Круг духовных и творческих интересов Стриндберга в 80-е годы, на новом этапе его пути, продолжает оставаться обширным, разнообразным. Особый интерес представляют очерки и новеллы «Утопии в действительности» (1885), написанные под воздействием социалистических учений Сен-Симона, Фурье и особенно романа Чернышевского «Что делать?». Продолжая критику буржуазной цивилизации, писатель мечтает о руссоистском осуществлении принципов социальной справедливости. Герои этих, так называемых швейцарских, новелл — люди разных национальностей, главным образом эмигранты (шведы, русские, французы), оставившие по воле обстоятельств родину и стремящиеся на чужбине по-новому строить свою жизнь.
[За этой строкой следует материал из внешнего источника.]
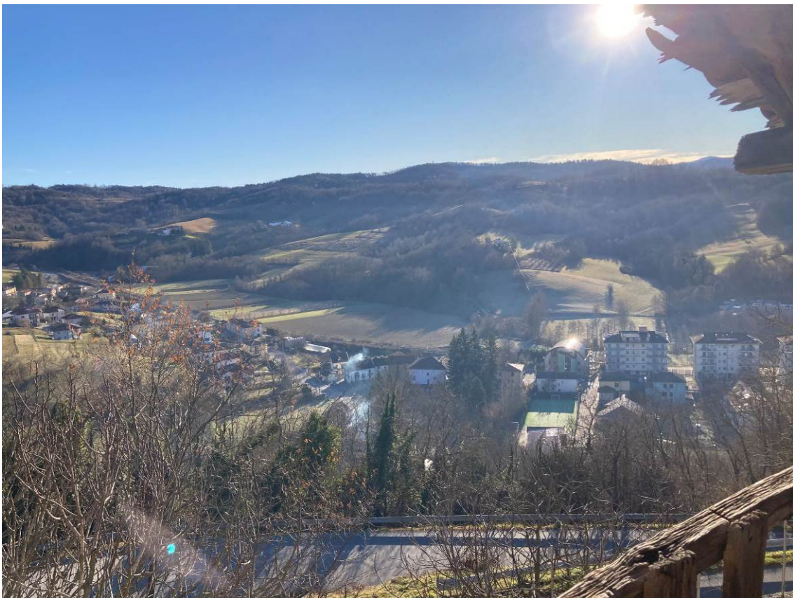
Fig. 35 – Vista della veduta panoramica dal terrazzo dell’abitazione.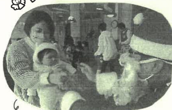
ママの方がニッココ♡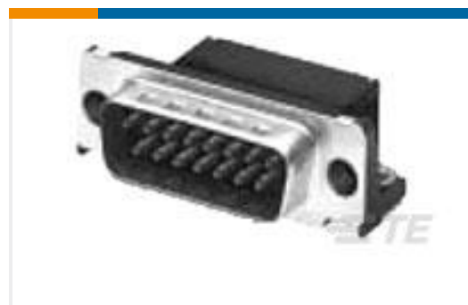
TE 产品编号5747832-4 09 MSFL PLUG RA 590 (IN,FM,BL)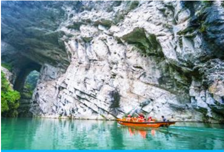
ล่องเรือล่ำธารใต้ดินผู่ฮวา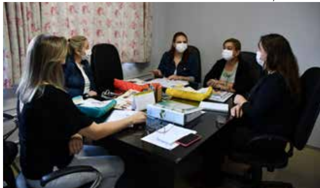
Adoção dos materiais da Editora Aprende Brasil foi tema de reunião

Após a análise desse material pela equipe pedagógica, o mesmo será apresentado para todos os

Иным здесь предстает у Стриндберга и решение семейных проблем. В фаланстере Годена отношения между мужчиной и женщиной гармоничны. Убежденный социалист, писатель выражает твердую уверенность в том, что и войны между народами Европы будут навсегда уничтожены. Правда, образы «новых людей» в его новеллах (Бланш, Эмиль Сешар, Павел), в отличие от героев романа Чернышевского, прямых и страстных в борьбе за социальную справедливость, еще слишком непоследовательны, сентиментальны.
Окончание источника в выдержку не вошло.